How Ink Works on Animal Vellum
Writing on vellum is not the same as writing on paper, and the wrong ink will fail entirely. Carbon-based inks, including traditional Chinese and Japanese ink sticks, sit on the surface of vellum without bonding to it. The writing can be rubbed off with minimal effort. This is because vellum’s surface is denatured protein, not absorbent plant fiber, so pigment particles have nothing to grip.

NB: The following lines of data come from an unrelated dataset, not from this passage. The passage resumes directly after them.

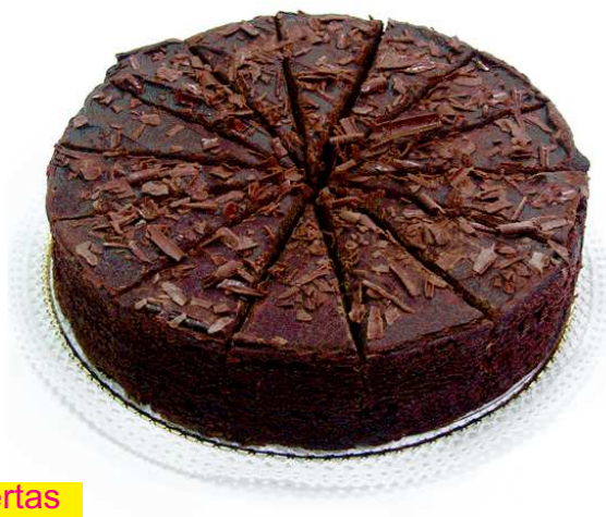
Ref.106503 Tarta Continental Chocolate 1550g 15.00€/ud
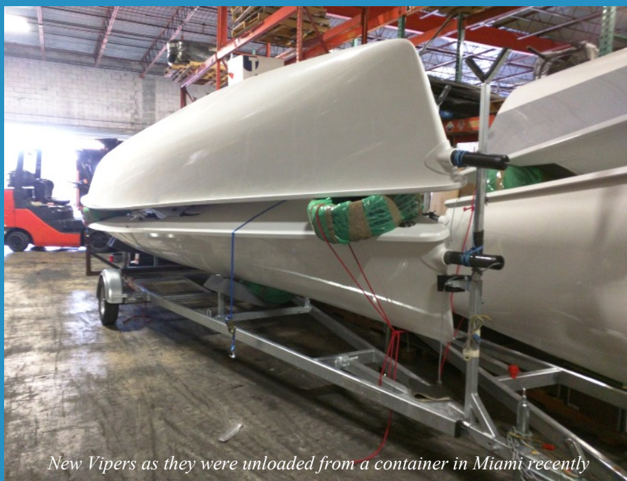
New Vipers as they were unloaded from a container in Miami recently

We'll be on the water and working with Zeke Horowitz from North Sails helping you learn the sailing aspects as well. We're anticipating a good turnout of Vipers racing for the weekend (15-20), we look forward to seeing you there and helping you learn your new boats!
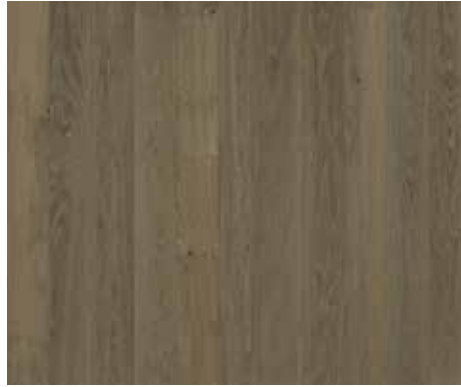
ANCHOR OAK RE6ANCO
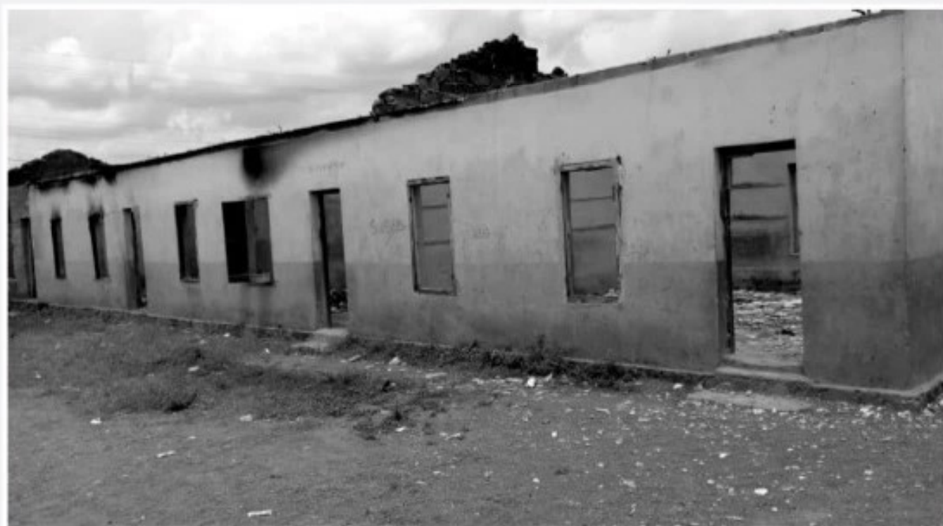
Blown off roof at St. Fidelis Catholic Nursery and Primary School Ojido, Ijigbo, Oke Ewi
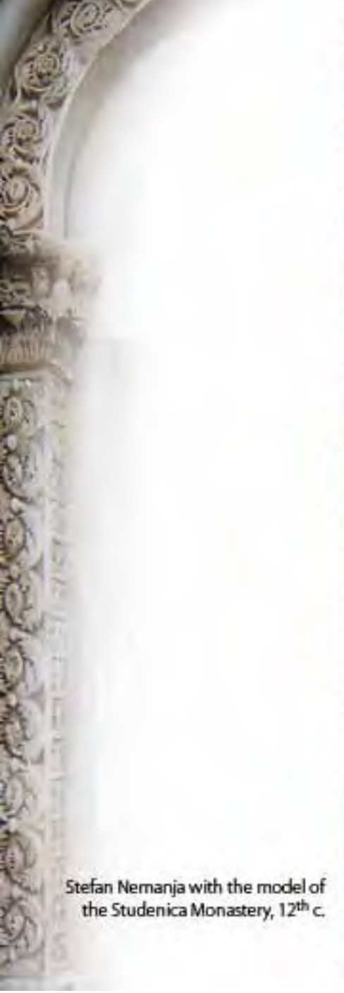
Stefan Nemanja with the model of the Studenica Monastery, 12 th c.
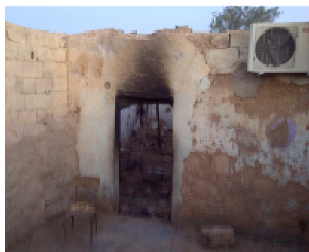
Burned home in Hijara following armed clashes in March. May 2012

Residents told Amnesty International that when they returned after the hostilities, they found their homes damaged and in some cases burned and destroyed. Video footage shows Arab militias entering these neighbourhoods, seemingly after the population left. In at least two instances, they are carrying gas canisters. Amnesty International saw homes in the Hijara and Nasriya areas that appeared to have been deliberately set on fire.
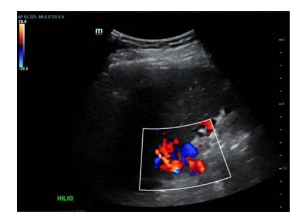
Figure 1: Doppler ultrasound showing multiple periportal veins at the hepatic hilum corresponding with a portal cavernoma.

Laboratory test results were evaluated at the time of diagnosis showing normal CBC parameters. Jaundice was present in 8 cases (34.7%) and the rest of the liver function tests showed a cholestatic pattern with mild transaminase elevation (Table 1).

The ink that works on vellum is iron gall ink, which was the standard writing ink across Europe for centuries. It bonds permanently to the protein structure of the skin through a chemical tanning reaction, essentially locking itself into the collagen matrix at a molecular level. This is why medieval manuscripts written in iron gall ink on vellum remain legible after 500 or more years. If you’re doing calligraphy or any serious work on real vellum, iron gall ink is the historically proven choice.
Modern Paper Vellum
Walk into a craft store and ask for vellum, and you’ll get a translucent paper product made from plant fibers. This modern vellum is typically wood pulp or cotton processed to be semi-transparent, and it comes in a range of weights. Lightweight versions (around 17 lb) feel similar to high-quality tissue paper. Medium weights (21 to 30 lb) handle more like wax paper. Heavier options (48 lb and above) feel closer to lightweight cardstock. These papers are used for wedding invitations, overlay designs, and scrapbooking. They share none of the durability or material properties of animal vellum and are an entirely different product that simply borrowed the name.
Where Real Vellum Is Still Used
Animal vellum never fully disappeared. It remained the preferred surface for important legal documents and diplomas well into the early twentieth century. The UK Parliament printed all record copies of public Acts on vellum continuously until 2015, when the last Act printed entirely on vellum was the Modern Slavery Act. After a heated debate about cost, tradition, and durability, Parliament compromised: since 2015, record copies of Acts are printed on archival paper but bound with front and back vellum covers.
Beyond government use, vellum remains in demand among calligraphers, bookbinders, and conservators restoring historical documents. A small number of parchment makers, particularly in the UK, continue producing it by hand or with minimal mechanization. The supply chain is tiny compared to centuries past, but the material itself is still very much alive as a working medium.